Posted: Thu Mar 13, 2014 5:50 am
by Kayla
a distant relative came to stay with us recently - he was fired from his position as a junior executive for a large arguably evil corporation and is now contemplating his options

according to him, all the upper management of his former employer are idiots assholes or both

in particular, he apparently got in a major argument with them about them wanting to cut down on sick days - down to the statutory minimum

for purely selfish reasons, he does not want sick people dragging themselves to work because they have no sick days left and need the money, and then coughing into his air

he is even ok with someone playing GTA V all night and then calling in sick - because, for selfish reasons, he does not those people driving on his roads just because they are out of sick days and need the money -

he uses similar, entirely selfish arguments to support Obamacare and generally Canadian and swedish style social democracy

in his view, the reason so many of the rich assholes opposed sharing he wealth is not because of any fiscal interest, but because they want people to suffer

as far as he is concerned, his former bosses - and many rich fucks in general - are simply sadistic assholes who get off on some poor schmuck having to suffer as he has to go to work after staying up coughing all night

he quoted Orwell's 1984 - How do we show our power over others? By making them suffer. He thinks that this is what is at play here, not merely selfishness.

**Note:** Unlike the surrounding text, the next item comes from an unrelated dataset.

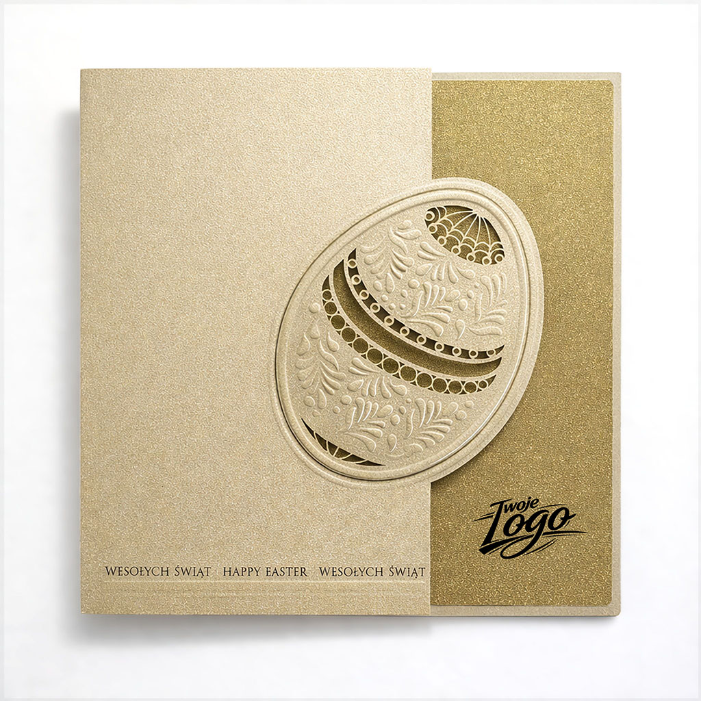 Ekskluzywna kartka wielkanocna o wyraźnie biznesowym i reprezentacyjnym charakterze, stworzona z myślą o firmach i instytucjach, które stawiają na profesjonalną, spójną i prestiżową komunikację świąteczną. Duży, kwadratowy format oraz szlachetna kolorystyka sprawiają, że kartka od pierwszego spojrzenia buduje wizerunek marki solidnej, eleganckiej i godnej zaufania.

What are your thoghts on this?

Re: how ethical can you be based on self interest alone?

Posted: Thu Mar 13, 2014 6:06 am
by The Voice of Time
That he doesn't have much to say about anything?

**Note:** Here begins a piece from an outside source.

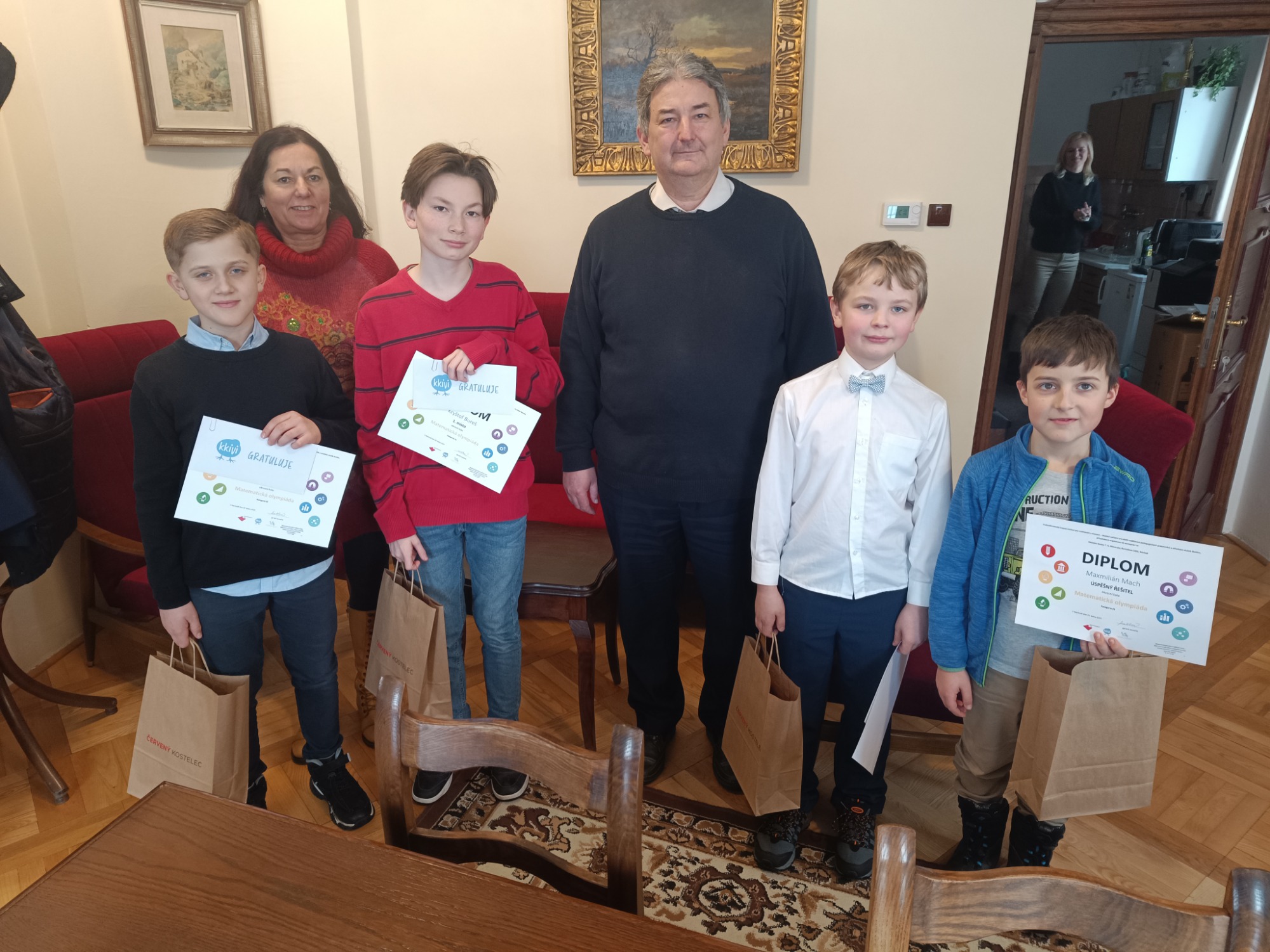 Vyzdvihujeme skvělé výkony chlapců z našich pátých tříd, kteří se šk. roce 2024/2025 zúčastnili okresního kola Matematické olympiády v Náchodě. Naši mladí matematici si vedli výborně a obsadili první tři místa! 1. místo – K. Bureš; 2. místo – J. Špelda; 3. místo – J. Regner. Výborného výsledku dosáhl také M. Mach, který obsadil krásné dělené 5.–6. místo. Ti všichni jsou úspěšnými řešiteli. Za zmínku stojí i skvělé umístění M. Hejny (8. místo) a Š. Kaulicha (10. místo). Tento velký úspěch našich žáků podtrhl i slavnostní moment, kdy jim diplomy osobně předal starosta Červeného Kostelce, pan Tomáš Prouza.

Seems like a bit of a simpleton to me. But at least straight-forward. His arguments are simplistic and as you said selfish. So they don't really carry any credibility or reason for being taken seriously.

Re: how ethical can you be based on self interest alone?

Posted: Thu Mar 13, 2014 10:16 am
by HexHammer
He could be an excellent commie, he doesn't think of the health of the buisness, but rather in selfcenterd ways workers vs the corp.

But if the competicion gets too steep, the corp will move to less expensive countries, then there's no job for a whiner such as him.

He surely doesn't think holisticly.

Re: how ethical can you be based on self interest alone?

Posted: Thu Mar 13, 2014 8:52 pm
by Blaggard
Large arguably evil corporation: which one there are hundreds?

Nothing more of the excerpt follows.